Петербургский театральный журнал
Блог «ПТЖ» — это отдельное СМИ, живущее в режиме общероссийской театральной газеты. Когда-то один из создателей журнала Леонид Попов делал в «ПТЖ» раздел «Фигаро» (Фигаро здесь, Фигаро там). Лене Попову мы и посвящаем наш блог.
16+

ПРОПУЩЕННЫЙ СПЕКТАКЛЬ

ЖИВАЯ ВОДА

Г. Яхина, Я. Пулинович. «Зулейха открывает глаза».
Башкирский театр драмы им. М. Гафури (Уфа).
Режиссер Айрат Абушахманов, художник Альберт Нестеров

И не ограблен я, и не надломлен,
Но только что всего переогромлен.

О. Мандельштам

В романе дорога длинна, в романе поезд везет Зулейху через всю широкую страну; в романе длится время: в ссылке проходят годы, развертывается история, последовательная, подробная, полная запаха, цвета, фактуры жизни.

В спектакле нет ни правды жизни, ни романного долгого, вытянутого времени. Айрат Абушахманов ставит перед собой задачу сложнее. Не пересказать роман, не проиллюстрировать его, а пересоздать из другого воздуха.
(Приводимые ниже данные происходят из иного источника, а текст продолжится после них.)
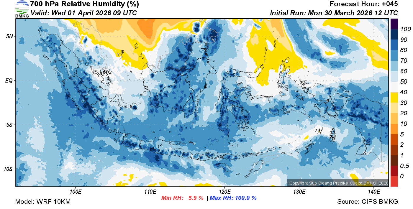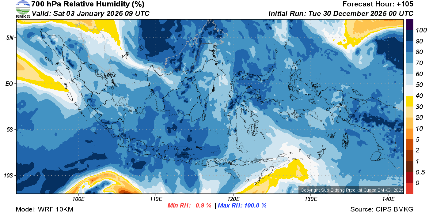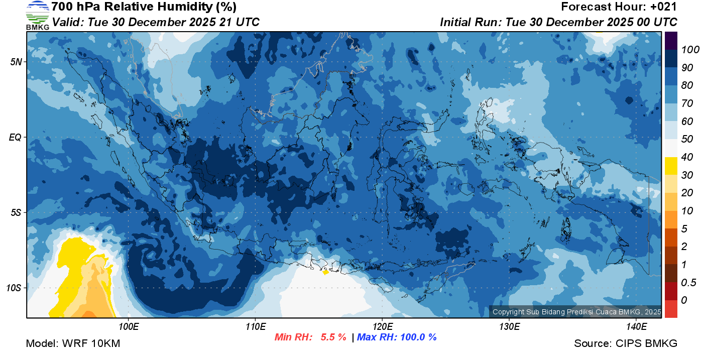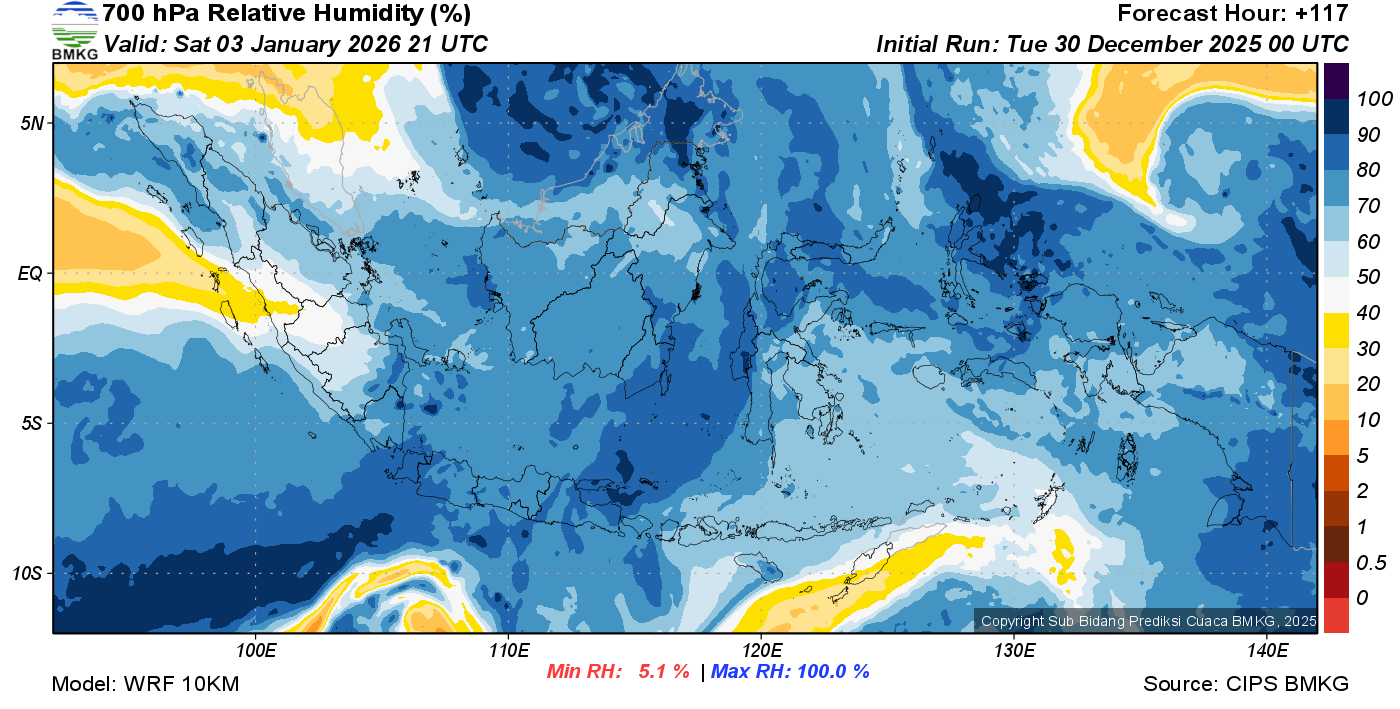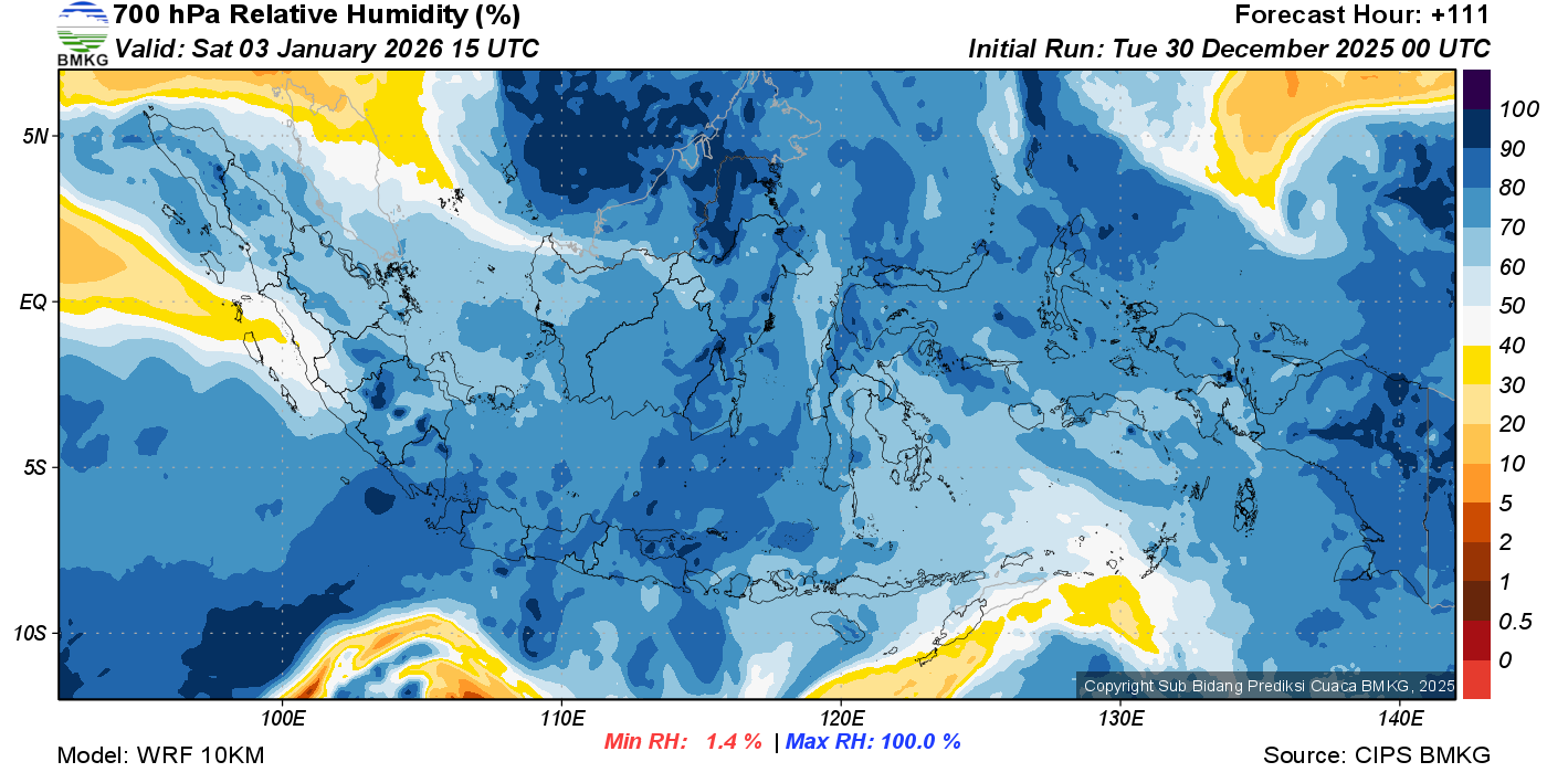 Prediksi Kelembapan 700 hPa NTT

Большая общеизвестная судьба страны и частная мелодраматическая судьба двоих обнаружили здесь свое сродство с легендой. Жизнеподобной литературе спектакль позволил стать больше жизни, укрыв все несовершенства романа и россыпь его маленьких неправд в огромном универсуме волшебного поэтического времени.

Р. Кагарманова (Зулейха). Фото Р. Шумнова

Здесь все залито прозрачной синевой ночи, мерцают желтым фонари, как звезды, как семафоры, как электрические лампы, как затухающие угли, как блуждающие огни. В глубине клубится молочный дым, ползет туман, вьется буран, укладываясь сугробами. На костюмах переливаются холодным светом, искрятся снежинки, капли, драгоценные камни нашиты на бушлаты, на шинели, на праздничное прозрачное невесомое платье Зулейхи — Риммы Кагармановой. Иногда луч, упираясь в них, рассыпается на мгновение снопом острых игл, внезапных и таинственных, достающих до самого темного неба. Хотя точно определить ни широты, ни долготы, ни верха, ни низа, ни времени тут невозможно. Пространство разворачивается удобно истории. Когда с протяжным тоскливым скрипом баржа с репрессированными накренится и пойдет ко дну, Зулейха просто оттолкнется и взлетит в небо, которое окажется толщей воды. Смешно надувая щеки, тараща покорно глаза, тщась таким способом спастись, она, неуклюже размахивая руками, ногами, барахтаясь на глубине анатомической лягушкой, будет пытаться всплыть, будет взмывать в воздух, выпрыгивая, только коснутся ступни планшета. И плавно опустится в руки спасающего ее Игнатова, дно беспрепятственно станет берегом. Эта обнаженная в своей условности сцена исполнена художественной правды, которая в этом большом спектакле есть и цель, и средство.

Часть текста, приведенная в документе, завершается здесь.